During interviews on 4/25/11 from 4:25 p.m. to 4:46 p.m., the Certified Nursing Assistant (CNA) #1, CNA #2, and CNA #3, all stated that they record resident bowel movements on the BM log in the green binder and that the nurses check the logs every night. In other interviews that day between 4:51 p.m. to 4:55 p.m., Licensed Practical Nurse (LPN) #2 and the LPN Case Manager both stated that bowel records should be checked every shift to ensure that residents receive bowel medications according to the facility's policy. They reported that the facility's policy is to start the BM protocol usually with MOM after the resident has not had a BM for two days. After reviewing the MAR and BM log, the LPN Case Manager stated, "She should have been offered the MOM this morning since she has not had a BM since she was admitted." The LPN Case Manager also said that a physician would be called if the BM protocol was not successful.

In a follow-up interview on 4/26/11 at 9:49 a.m., the LPN Case Manager stated that after reviewing the facility policy for bowel management, she found that if the resident does not have a BM by the third day, then medication is given.

In an interview on 4/27/11 at 3:13 p.m., the resident stated she did have a large BM that morning but had not received any bowel medications since admission.

Interviews conducted on 4/28/11 are as follows:

a) At 12:12 p.m., the LPN Case Manager reported that after surveyor intervention, the evening nurse was asked to give the resident MOM after dinner on 4/25/11. The LPN Case Manager could not find that the MOM was documented as given at that time.

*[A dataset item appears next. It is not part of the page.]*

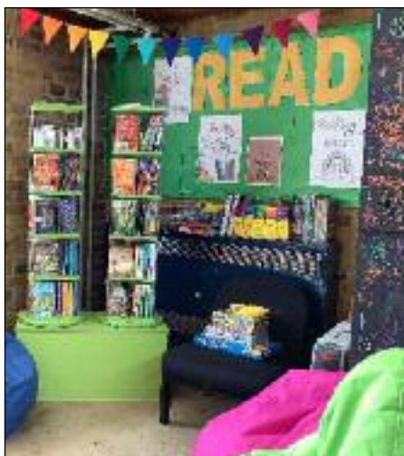
COSY CORNER: The new reading area in KS3 Support.

The school library has had a very busy term!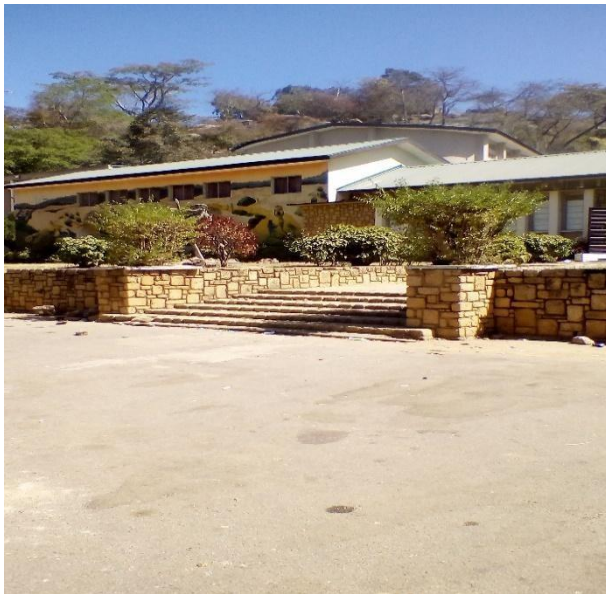
Plate xii: Irregular cut flagstone slabs steps leading to the art gallery at Jos, Zoo

Also, the nurse giving this medication should have documented that it was given.

b) At 4:46 p.m., LPN #4 stated that she looks at the green care books, not the computer, when she reviews a resident's BM history.

2. Resident #108 has diagnoses including Alzheimer's dementia. The Comprehensive Care Plan, dated 11/16/10, revealed the resident is at risk for constipation due to use of narcotic pain medications/diuretics. Approaches include to monitor the resident's bowel elimination and medicate for constipation per the MD orders. The April 2011 MD orders include MOM and/or Dulcolax suppository for constipation.

Review of the BM log book (green log book) revealed that from the 4/12 evening shift through the 4/18/11 day shift, the resident did not have a BM recorded. The April MAR lacked documented evidence that MOM or Dulcolax were signed off as given. A nursing note, dated 4/16/11, includes the resident was given MOM at 6:40 p.m. for constipation with results pending. There are no other notes regarding the resident's bowel status from the 4/12 evening shift through the 4/18/11 day shift.

Interviews on 4/28/11 are as follows:

a) At 11:00 a.m., two CNAs identified the green log book as the location that BMs are recorded.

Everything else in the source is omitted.